Common Reagents in Cell Culture
When animal cells or tissues leave the body to be cultured outside the body, it is necessary to provide them with various nutrients required for growth and various reagents required for better cell growth in vitro. In this issue, I will briefly introduce some reagent components used in the cell culture process and their functions.
1. Cell culture medium composition
(1).Basic culture medium
Common basal media mainly include MEM, DMEM, and RPMI, which mainly provide buffer systems including glucose, amino acids, water, trace elements, and sodium bicarbonate.
● Glutamine
It is an essential amino acid necessary for cell growth and participates in protein synthesis and nucleic acid metabolism.
● Phenol red indicator
A commonly used acid-base indicator, it shows yellow when it is acidic, red when it is neutral, and purple when it is alkaline. Phenol red is used as an indicator of pH value in the medium.
● Carbonate/PH buffer system
A physiological pH buffering system. Due to acid production during cell metabolism, the HCO3- in the medium will be gradually consumed, so CO2 needs to be replenished in time to maintain the pH within a certain range.
(2).Animal serum
Add 2%-20% serum to the basal medium to form a complete medium. Serum can not only provide the cells with the basic nutrients needed for growth, but also contain important components involved in cell metabolism such as growth factors, hormones, trace elements and ions.
(3). Antibiotics
In order to prevent the cells from being contaminated during the culture process, a penicillin-streptomycin mixture is usually added to the complete medium, that is, a double antibody. Penicillin is mainly effective against Gram-positive bacteria, and streptomycin is effective against many Gram-negative bacteria. .
2. Trypsin-EDTA
Trypsin can hydrolyze the protein between cells and then separate the cells. EDTA is a chemical chelating agent with low toxicity and has a discrete effect on adherent cells. When the two are used in combination, the efficiency of dispersing cells is higher. This step is called digestive cells. For different cells, there are different requirements for the temperature, time, and concentration of trypsin when used. If digestion is insufficient, the cells cannot be digested, and excessive digestion will cause cell damage. Since serum in the medium can reduce the activity of trypsin, complete medium is usually used to terminate cell digestion.
3. PBS buffer
PBS is a phosphate-buffered saline solution with salt balance and adjustable pH buffering effect. It is generally used to wash cells and maintain cell osmotic pressure.

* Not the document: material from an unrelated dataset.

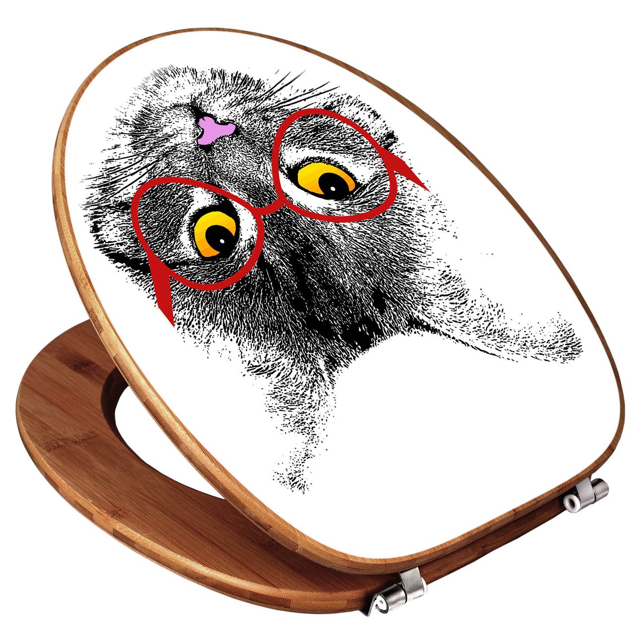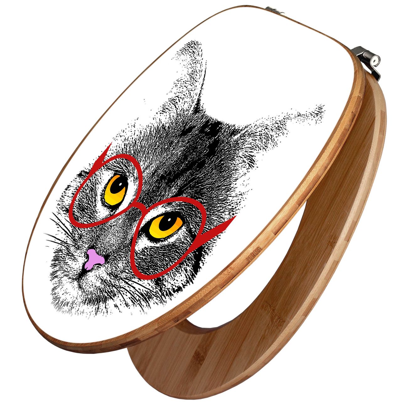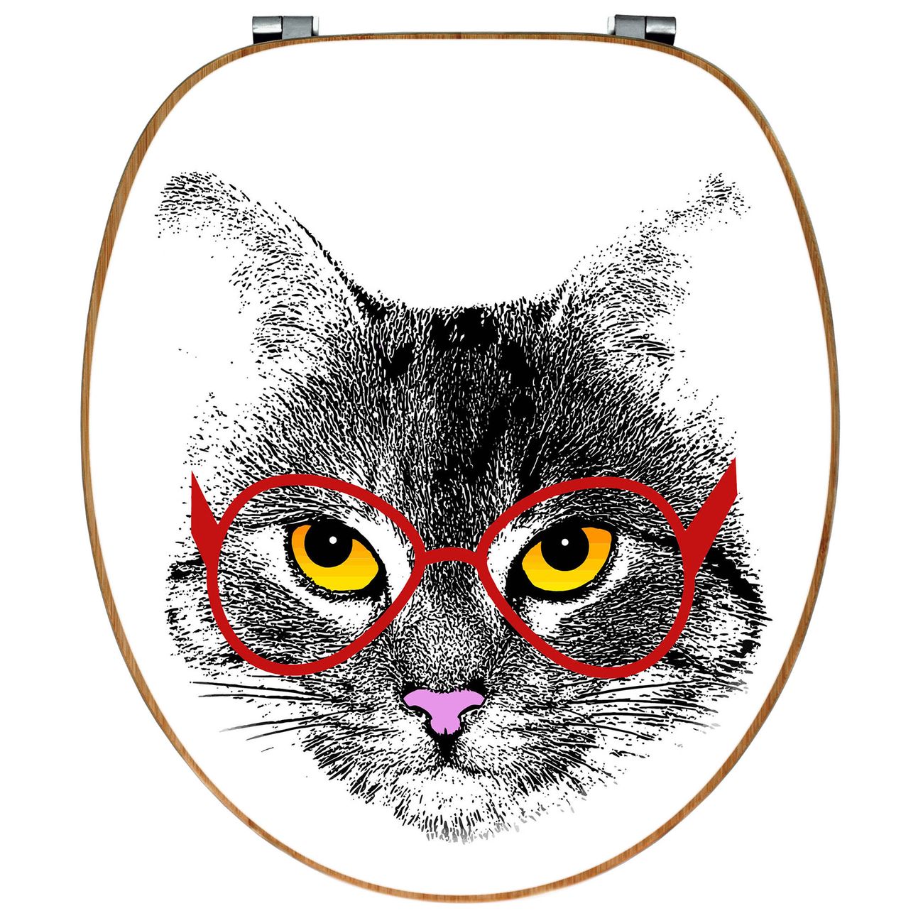 Mit dem banjado Toilettensitz in Bambus verbinden Sie Design und Funktionalität. Sie erhalten den WC-Sitz mit bewährt schwerer Holz Qualität und Universal Scharnieren. Das Motiv Motiv Intellicat besteht aus einer schutzlaminierten Motivfolie, die durch das Schutzlaminat zusätzlich vor Kratzern schützt. Durch diesen Motivdruck wird der WC-Sitz zu einem Blickfang in Ihrem Bad.

4. Dimethyl sulfoxide (DMSO)
An important penetrating cell protectant, and an important component in cell cryopreservation fluid. During the cryopreservation process of cells, DMSO can quickly penetrate the cell membrane and enter the cell, lower the freezing point, delay the freezing process, increase the ion concentration in the cell, reduce the formation of ice crystals in the cell, and reduce cell damage.
5. Mycoplasma inhibitors
Mycoplasma contamination is a common source of contamination in the cell culture process. However, mycoplasma inhibitors can be used to eliminate mycoplasma in the cell fluid at the initial stage of contamination, so that the experiment can continue.
6. Trypan blue dye
A biological staining reagent commonly used to detect cell membrane integrity. Due to the loss of cell membrane integrity and increased permeability, dead cells can be stained blue by trypan blue, while live cells will not be stained because they have intact cell membranes that can exclude trypan blue from entering the cell. Live and dead cells can be distinguished by cell color under a microscope, which is convenient for live cell counting.